L’ultima sezione del volume è “Il latte e il fuoco” la cui comprensione ci viene favorita da alcune indicazioni della stessa autrice che nella conclusione ha scritto: “una testimonianza in questo momento dove le cose in cui credo si sono smaterializzate fino alla negazione dell’evidenza e dove a tratti almeno l’ironia può servire allo scopo poetico” (115). Vi si ritrova anche una giocosa e funambolica poesia sullo stile del “Lonfo” di Fosco Maraini presentata come divertissement col titolo “Metacomunicazione” ad intendere un linguaggio simultaneo altro, la cui decodifica va forse ritrovata in sistemi di richiamo e interrelazioni di codici interpersonali non solo linguistici.

Di questa sezione due mi sembrano i testi che, forse più degli altri, risaltano, entrambi costruiti a partire da un impegno etico saldo verso la vita: “Ho idea non si sappia bene” che, in una lirica abbastanza lunga da strofe di diversa lunghezza, pone in risalto alcune dei più spregevoli episodi che attanagliano l’attualità quali ad esempio i rigurgiti fascisti o le tragedie nel Mediterraneo. L’autrice si riferisce nel corso della poesia all’ecatombe passata alla storia come naufragio della notte di Natale 1996, meglio nota come naufragio della F174: la strage nelle acque internazionali a circa 35 km dalla costa di Porto Paolo nel Siracusano che provocò il decesso di circa trecento persone. La sciagura per mare di dimensioni più grande della nostra età contemporanea, per lo meno sino al 2013.

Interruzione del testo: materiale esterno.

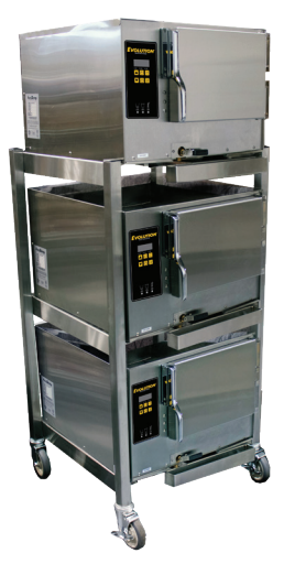
E3 Evolution™ Model shown triple stacked on stand with casters

Evolution™ steamer is AccuTemp Products' connected, boilerless steam cooker that utilizes AccuTemp's patented Steam Vector Technology for faster cook times, improved energy efficiency, better pan to pan uniformity, and less water consumption. Steam Vector Technology requires no moving parts inside the cooking chamber. Steam to be produced inside the cooking cavity with no heating element exposed to water. Easily connects to water and drain line. Uses less than 1.5 gallons of water per hour. Unit to include low water, high water, overtemp warning lights and auto shut off feature. Evolution™ to include heavy duty, field reversible door. Standard digital controls with independent timer. No water quality exclusions to warranty and no water filtration or treatment required. Unit to be UL Safety and Sanitation Certified, and Energy Star qualified. Built in USA.
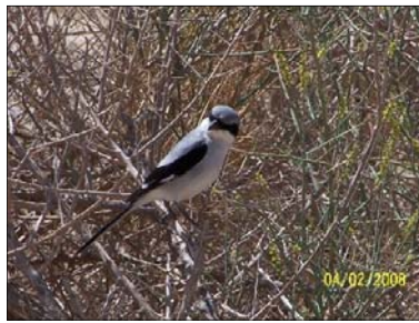
Shrike and the very exotic Hoopoe of biblical fame (my favorite bird of the trip.)
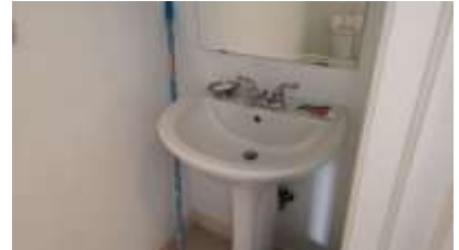
Pic. 24: Powder room
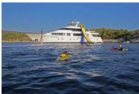
slide + toys
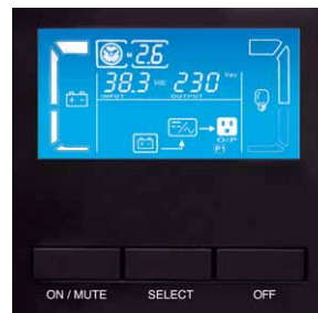
Multifunction LCD display

The UPS range EVO DSP is designed in accordance with the highest environment protection standards. The high efficiency and low harmonic inputs guarantee the uppermost respect for the environment.
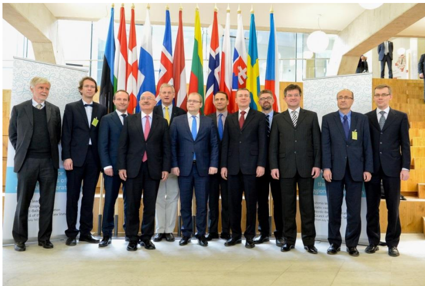
Foreign Ministers of V4, Nordic and Baltic Countries

Turning to the North, the Visegrad Cooperation is joining hands with the Nordic-Baltic-8 countries: Denmark, Estonia, Finland, Iceland, Latvia, Lithuania, Norway and Sweden. Hungary co-chaired the second V4+NB8 foreign ministerial meeting organised in Narva, Estonia on 6-7 March 2014. The Hungarian Presidency aimed for useful Visegrad–Nordic-Baltic cooperation also on the expert level: Budapest hosted the first meeting of Security Policy Director Generals on 21 January 2014, and the Hungarian Embassy in Stockholm organised an experts' seminar on fostering cooperation among regions of the EU's Baltic-Sea and Danube Region Macro-regional Strategies on 2 April 2014.
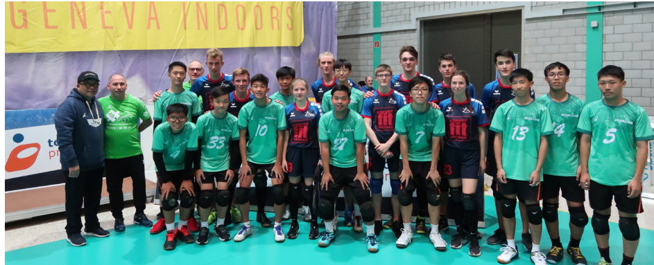
Our boys' team taking a group photo with the Switzerland team before vying for the M18 championship
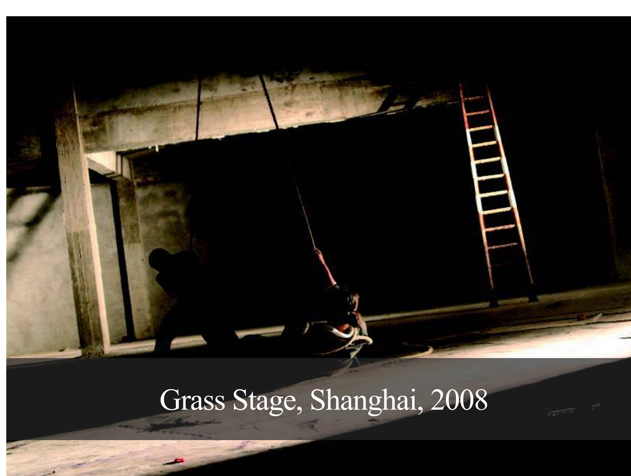
Grass Stage, Shanghai, 2008

Through the work of Cao Yu, and fellow pioneers, an unfamiliar imported theatrical genre finally flowered into the Chinese spoken drama which today enjoys an enthusiastic following among Chinese theatre practitioners and younger audiences.
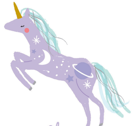
Cleo intelligent & patient
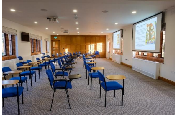
Duns Scotus Conference room at Ladywell
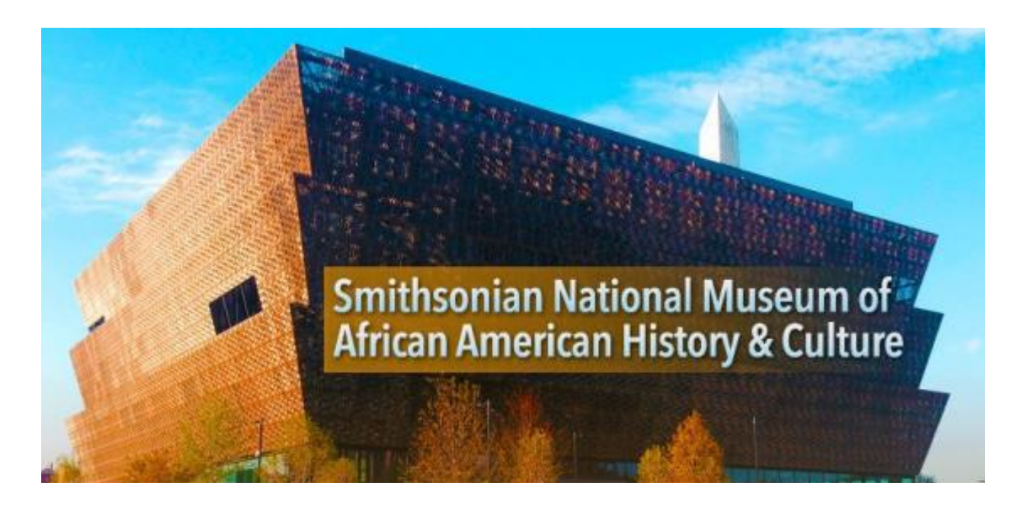
Tonya Jameson submitted this article to Praise 100.9.

nl&utm_source=Sailthru&utm_medium=email&utm_campaign=Daily%20Dynamic%202%202016-12-19&utm_term=Non%20Dormant
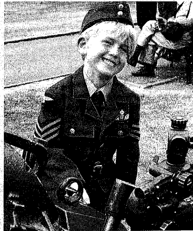
CROWDS from Luton turned out for Armed Forces Day on Saturday. For our picture special turn to pages 88, 89.
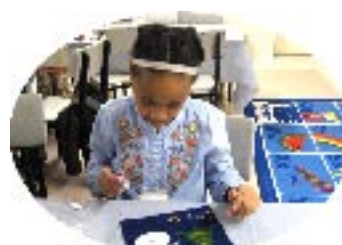
Children make banners to celebrate the coming winter.
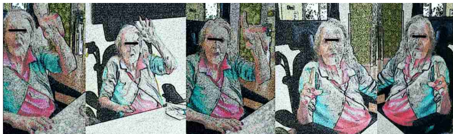
Figure 2. The phatic function in Alzheimer's disease.
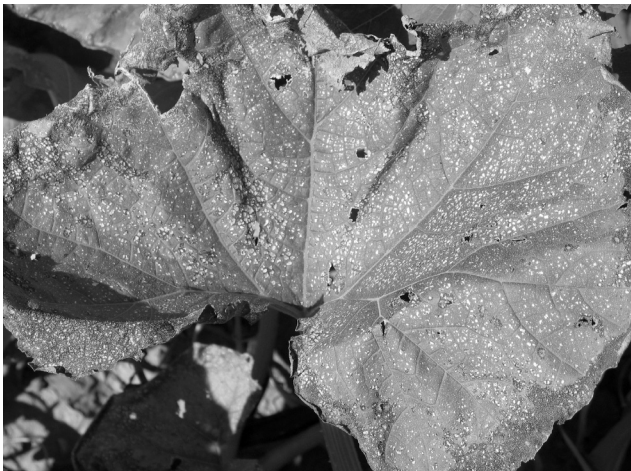
Figure 1. Pumpkin leaf affected by ground level ozone.

My colleagues and I have identified an alternative method for investigating ozone impact that entails comparing two lines or clones of a plant that differ in sensitivity to elevated ozone but have similar productivity when ozone levels are low. To date we have developed two systems--one with white clover and another with snap bean. For the clover system, plants are grown outdoors in pots. Impact of ozone on the productivity of the sensitive clover is estimated by cutting leaves off every four weeks and comparing the dry weight of leaves from the sensitive clover to that of the tolerant clover. The beans are grown outdoors in the ground. Both fresh market and mature yield are measured by removing pods from some plants every

L’altra poesia è “Il corpo del poeta all’idroscalo” dedicata a Pier Paolo Pasolini che nel 1975 venne ritrovato cadavere ad Ostia, assassinato da un gruppo della malavita romana (sembrerebbe). L’Autrice coglie il momento di dolore attraverso la desolazione e il terrore profondo di una madre, Susanna Colussi, che sopravvisse all’amato figlio – che le aveva dedicato l’accorata e lirica Supplica a mia madre nel 1962 – sino a ricongiungersi a lui qualche anno dopo, nel 1981.

La poesia passa anche attraverso forme del ricordo, sistemi che ci consentono in maniera seria e sentita di testimoniare chi siamo stati (scoprendo chi siamo) e trovo che queste due componimenti, in particolare, siano molto significativi e tesi a una coralità di sentimenti nei quali il lettore potrà riscoprirsi o trovarsi.

Lorenzo Spurio

SPETTACOLO EDIFICANTE

Un nugolo di gialle farfalle s'accanisce su una siepe fiorita: succhia il nettare, ma la pianta, generosa, non si lamenta, dice: <<Fate pure! Ne resta ancora per le api che daranno il miele per i pasticcini dei golosi bambini>>.